All of lore.kernel.org
 help / color / mirror / Atom feed
* [PATCH] ext4: start the handle later in ext4_writepages() to avoid unnecessary wait
@ 2021-09-23 12:12 xueqingwen
  2021-10-14  2:31 ` Theodore Ts'o
  0 siblings, 1 reply; 3+ messages in thread
From: xueqingwen @ 2021-09-23 12:12 UTC (permalink / raw)
  To: tytso, adilger.kernel
  Cc: linux-ext4, linux-kernel, xueqingwen, zhaojie, jimyan

The mpage_prepare_extent_to_map() was called in ext4_writepages() to find
pages that need mapping.

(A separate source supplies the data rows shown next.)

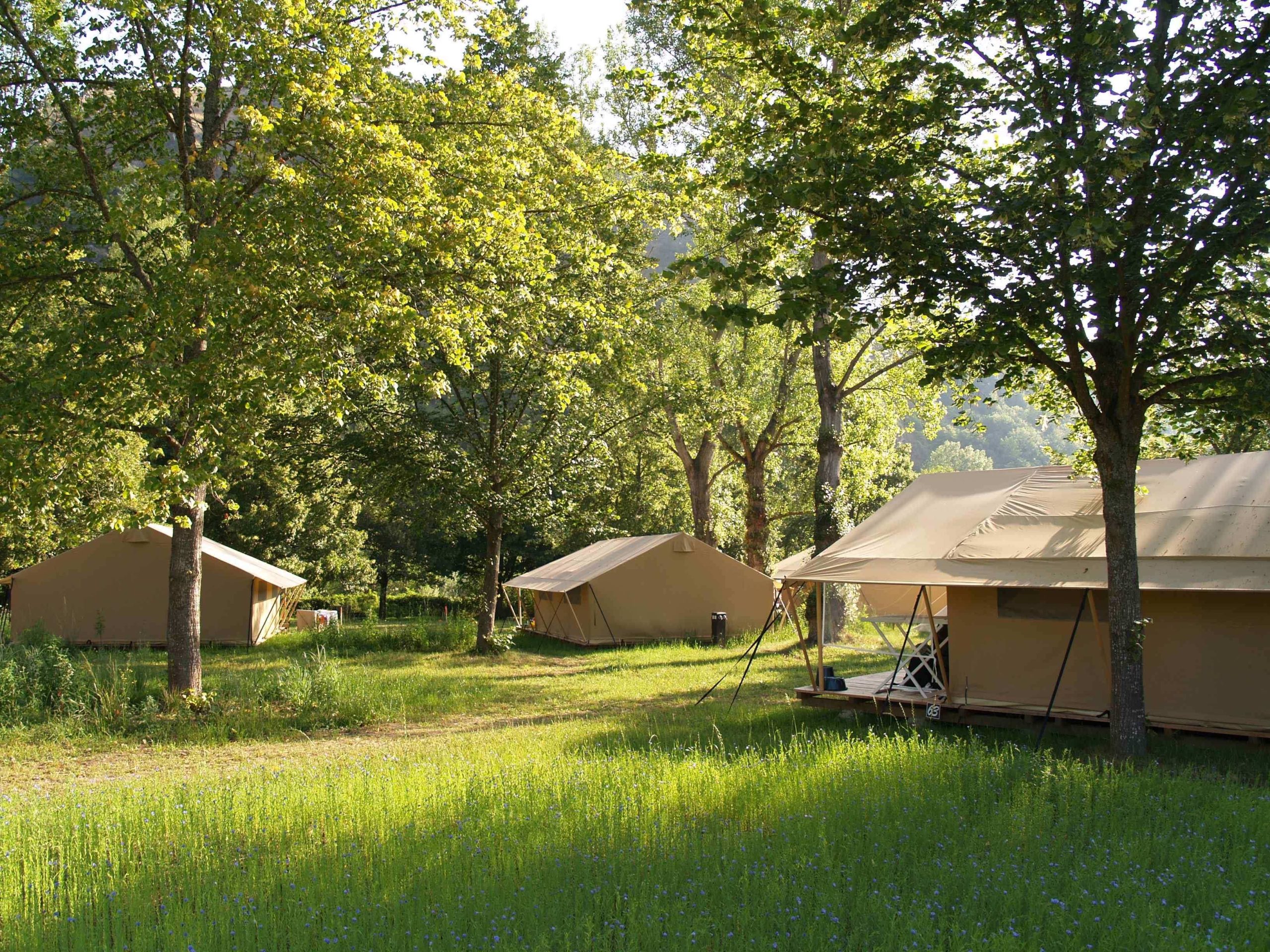Sur un vaste emplacement de 200m², la tente trappeur est installée sur un plancher de 35m², ses ouvertures sont modulables et sa grande terrasse est ombragée.
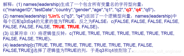 没有加上“,”,致使运行的为leadership[c(1,4)],所以得到的是第1,4,6,9列这样一直循环取值
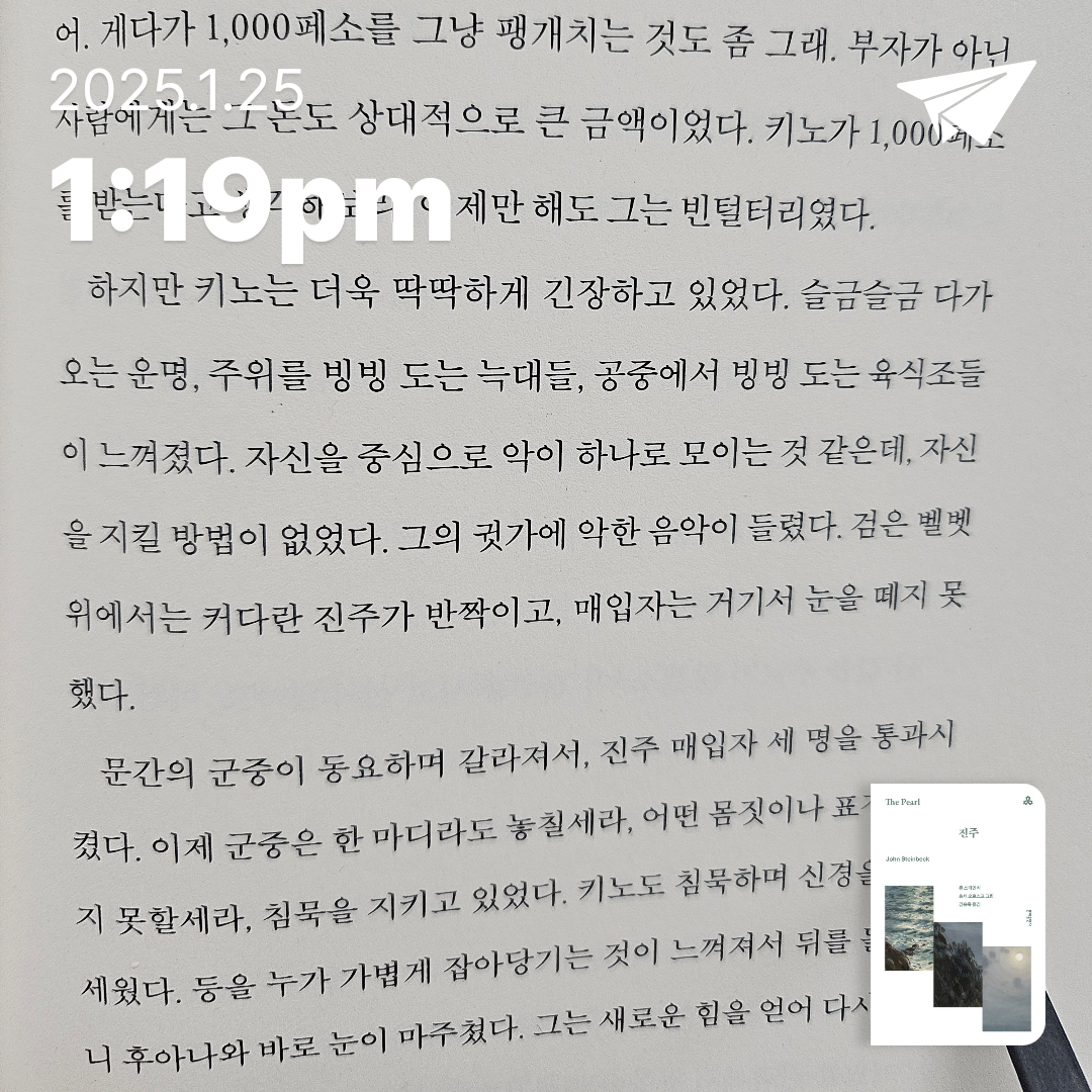 『진주』는 존 스타인벡이 1947년에 출간한 소설로, 2025년 1월 문예출판사에서 김승욱의 번역으로 새롭게 출간되었다(ISBN 9788931024159). 📖 약 160페이지로 구성된 이 작품은 YES24 리뷰 총점 10.0(10건)을 기록하며, “멕시코 민담을 바탕으로 인간의 욕망과 자연의 순리를 우화적으로 그린 스타인벡의 걸작”으로 평가받는다(). 1902년 캘리포니아 살리나스에서 태어난 스타인벡은 『분노의 포도』(1939)로 퓰리처상을, 1962년 노벨문학상을 수상한 미국 사실주의 문학의 거장이다.
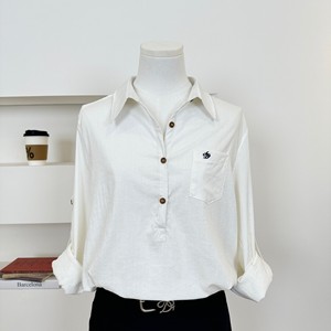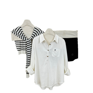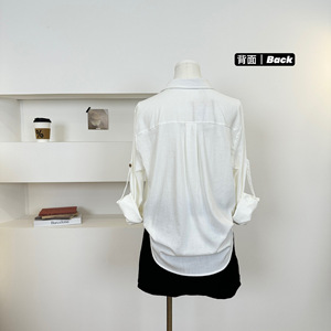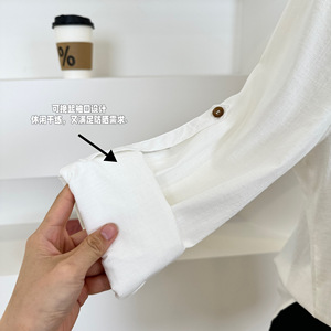 ANDYET AD1 綿麻風白シャツ レイジー通勤 ゆったりカジュアル ポロカラー 長袖 日焼け止め トップス ジャケット

It probably waited for locking page in
mpage_prepare_extent_to_map() while the handle had been started, which
would block the commit of corresponding transaction and further likely to
cause the I/O request delays jitter in other cgroups.

This problem was touched in our pressure test environment as follow:
There were two equivalent database server processes, which meet key-value
request of data access by exposing different ports in a machine. They were
attached to cgroup A and cgroup B, separately. They shared the same NVME
SSD, and the io read/write bandwidth of the SSD was limited to 20Mbps by
using io.max in cgroup A and the bandwidth limit was not set in cgroup B.
Then the read/write requests with same pressure would be continuously sent
to the two server processes separately and simultaneously. Our expectation
is that the server process in cgroup B could meet the request latency
metrics.

According to the previous discussion in upstream community,
the dioread_nolock was mounted for ext4 and the io priority inversion
problem has indeed been alleviated to a great extent. However, in the
above test scenario, the write request of server process in cgroup B would
be hanged occasionally with servel sceconds, causing a sharp increase of
request latency. The stacktraces when hanging were captured as follows:

PID: 7602  COMMAND: "jbd2/nvme0n1-8":
 #0 __schedule
 #1 schedule
 #2 jbd2_journal_commit_transaction
 #3 kjournald2
 #4 kthread
 #5 ret_from_fork

PID: 55526 COMMAND: "kworker/u114:9":
 #0 __schedule
 #1 schedule
 #2 io_schedule
 #3 __lock_page
 #4 mpage_prepare_extent_to_map
 #5 ext4_writepages
 #6 do_writepages
 #7 __writeback_single_inode
 #8 writeback_sb_inodes
 #9 __writeback_inodes_wb

PID: 109830  COMMAND: "snnode":
 #0 __schedule
 #1 schedule
 #2 io_schedule
 #3 wait_on_page_bit
 #4 mpage_prepare_extent_to_map
 #5 ext4_writepages
 #6 do_writepages
 #7 __filemap_fdatawrite_range
 #8 file_write_and_wait_range
 #9 ext4_sync_file

By analyzing the above stack information, it indicated that the process
named "kworker/u114:9" was waitting for locking a page while holding a
handle. The page was locked by the process named "snnode", which belonged
to cgroup A, and its writeback to block device was throttled. Then the
Kjournald2 process had to wait the handle being stopped to commit current
transaction. Then it caused the I/O request delays jitter from the cgroup
B.

Therefore, the handle was delayed to start until finding the pages that
need mapping in ext4_writepages(). With this patch, the above problem did
not recur. We had looked this patch over pretty carefully, but another pair
of eyes would be appreciated. Please help to review whether there are
defects and whether it can be merged to upstream.

Thanks.

Co-developed-by: zhaojie <zhaojie17@baidu.com>
Signed-off-by: zhaojie <zhaojie17@baidu.com>
Signed-off-by: xueqingwen <xueqingwen@baidu.com>
Signed-off-by: jimyan <jimyan@baidu.com>
---
 fs/ext4/inode.c | 36 +++++++++++++++++++++---------------
 1 file changed, 21 insertions(+), 15 deletions(-)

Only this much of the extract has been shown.